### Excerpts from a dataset
· · · ·

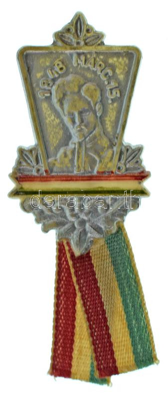 1948 k. "Petőfi" festett bakelit jelvény nemzetiszín szalaggal T:VF
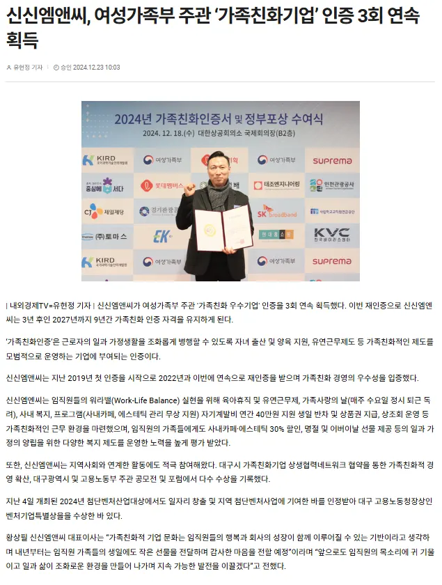 업계 최초 CCM (소비자중심경영) 2연속 인증 기업
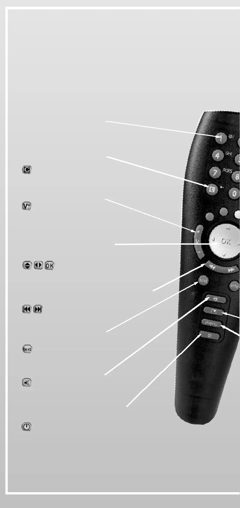 • To test your Remote Control, press any key and check if the red light
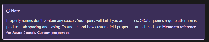 [2] Azure properties OData property names are case sensitive and cannot contain spaces (https://learn.microsoft.com/en-us/azure/devops/report/extend-analytics/wit-analytics?view=azure-devops#return-specific-properties-or-fields)
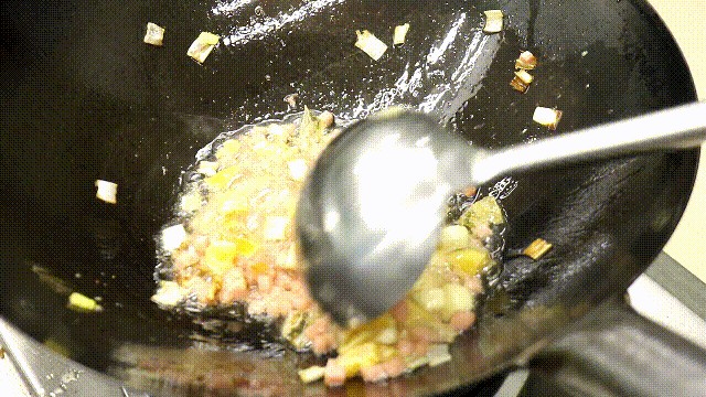 锅内烧油,油温五成热时倒入葱蒜炸香。再放入切好的火腿和变蛋翻炒一会。
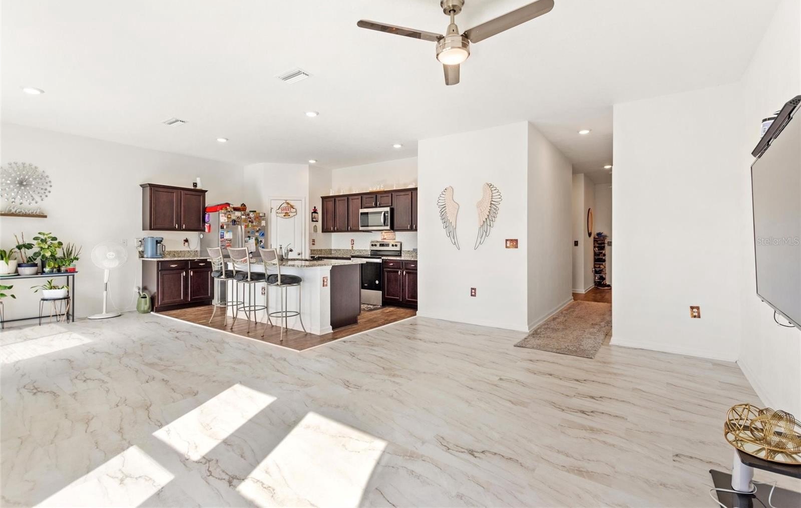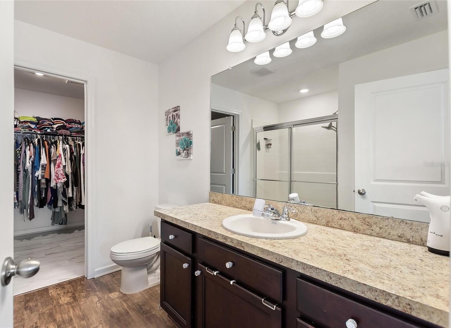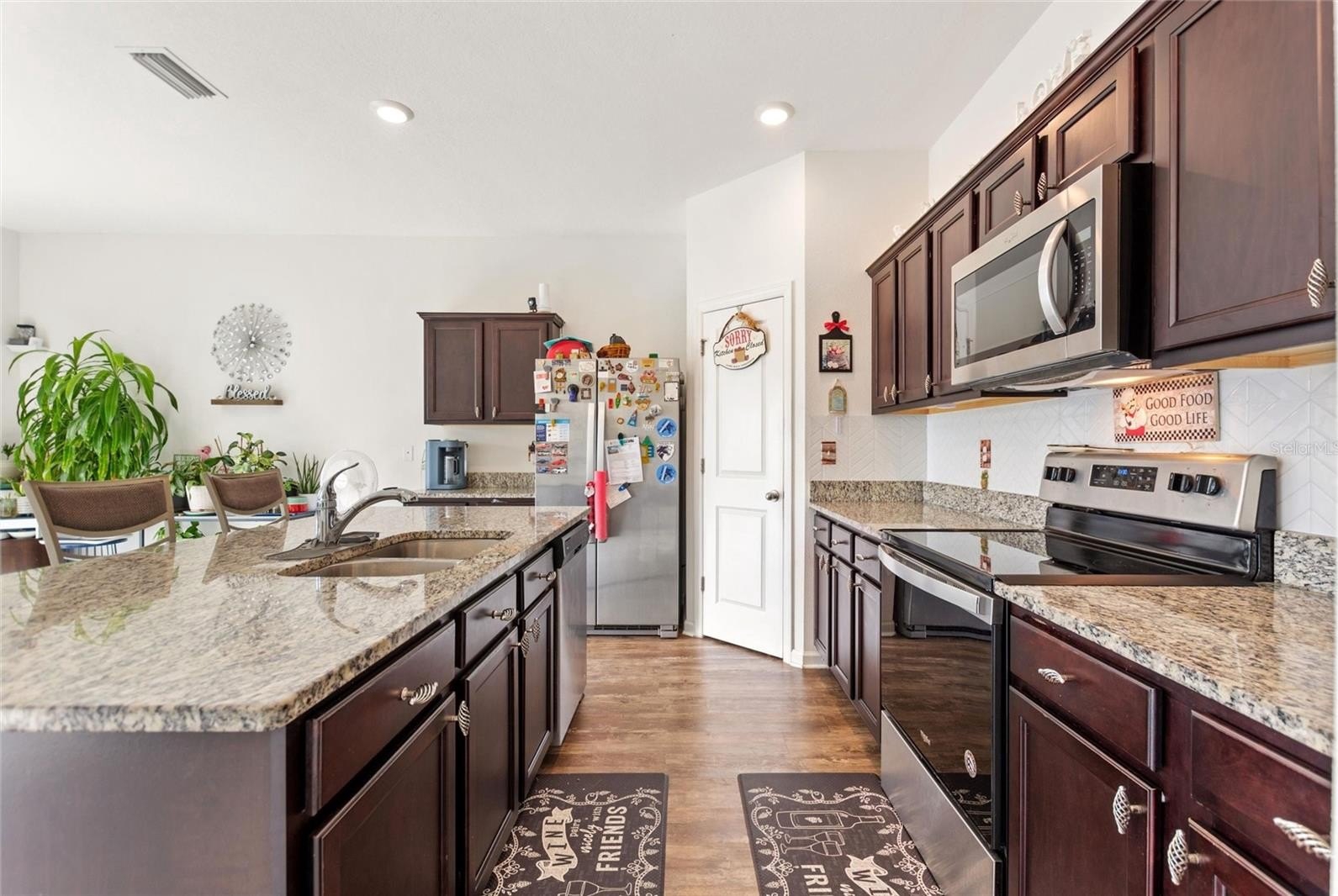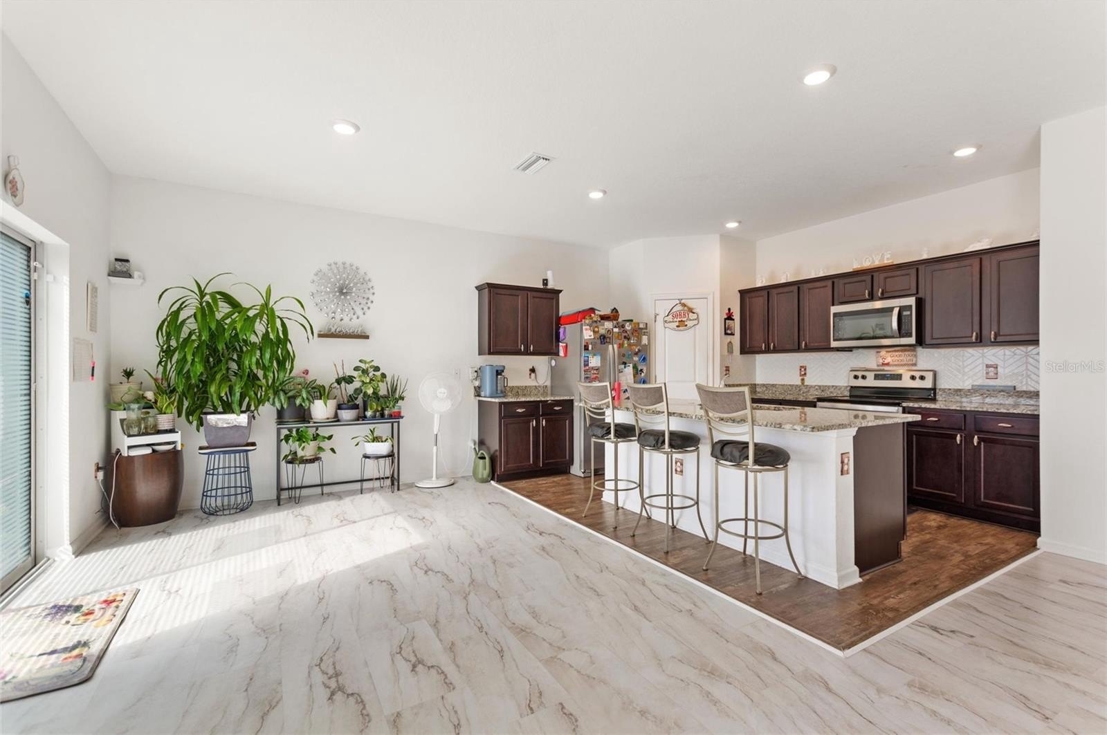 One or more photo(s) has been virtually staged. Fall in love with this spacious 4 bedroom, 3 full bath home featuring PAID OFF SOLAR and situated on a premium, fenced waterfront lot with no rear neighbors. Designed to maximize natural light, the home offers a bright, open feel throughout. The gourmet kitchen is appointed with granite countertops, while luxury vinyl plank flooring and recent bathroom updates add a clean, modern touch. The versatile floor plan includes one bedroom and a full bath on the first floor, ideal for guests or multi-generational living. Upstairs, a loft, den, or office with water views at the top of the stairs provides flexible space to suit your needs, along with conveniently located laundry. All upstairs bedrooms feature walk-in closets, and fans are installed in every room for year-round comfort. Additional highlights include a 2-car garage, water softener, washer and dryer, smart thermostat and a premium Carrier A/C system with UV light technology to enhance indoor air quality. Outdoors, enjoy a large private backyard, a paver sitting area on the side of the home, and a storage shed, all set against tranquil waterfront views. Located in the highly desirable RIVERSTONE community with low HOA fees, residents enjoy access to a clubhouse, two pools, scenic walking trails, lakes and ponds, playgrounds, and a dog park. Set in South Lakeland, the home is just minutes from I-4, Polk Parkway, Sun ’n Fun, Lakeside Village shopping, dining, entertainment, and medical facilities, and approximately one hour from Gulf beaches and Walt Disney World. Schedule your private showing today as homes in this sought after, newly built community are limited.

· · · ·

### Task description
Skip the pictures and reproduce all remaining entries exactly.

### Finished task
 1948 k. "Petőfi" festett bakelit jelvény nemzetiszín szalaggal T:VF
 업계 최초 CCM (소비자중심경영) 2연속 인증 기업
 • To test your Remote Control, press any key and check if the red light
 [2] Azure properties OData property names are case sensitive and cannot contain spaces (https://learn.microsoft.com/en-us/azure/devops/report/extend-analytics/wit-analytics?view=azure-devops#return-specific-properties-or-fields)
 锅内烧油,油温五成热时倒入葱蒜炸香。再放入切好的火腿和变蛋翻炒一会。
 One or more photo(s) has been virtually staged. Fall in love with this spacious 4 bedroom, 3 full bath home featuring PAID OFF SOLAR and situated on a premium, fenced waterfront lot with no rear neighbors. Designed to maximize natural light, the home offers a bright, open feel throughout. The gourmet kitchen is appointed with granite countertops, while luxury vinyl plank flooring and recent bathroom updates add a clean, modern touch. The versatile floor plan includes one bedroom and a full bath on the first floor, ideal for guests or multi-generational living. Upstairs, a loft, den, or office with water views at the top of the stairs provides flexible space to suit your needs, along with conveniently located laundry. All upstairs bedrooms feature walk-in closets, and fans are installed in every room for year-round comfort. Additional highlights include a 2-car garage, water softener, washer and dryer, smart thermostat and a premium Carrier A/C system with UV light technology to enhance indoor air quality. Outdoors, enjoy a large private backyard, a paver sitting area on the side of the home, and a storage shed, all set against tranquil waterfront views. Located in the highly desirable RIVERSTONE community with low HOA fees, residents enjoy access to a clubhouse, two pools, scenic walking trails, lakes and ponds, playgrounds, and a dog park. Set in South Lakeland, the home is just minutes from I-4, Polk Parkway, Sun ’n Fun, Lakeside Village shopping, dining, entertainment, and medical facilities, and approximately one hour from Gulf beaches and Walt Disney World. Schedule your private showing today as homes in this sought after, newly built community are limited.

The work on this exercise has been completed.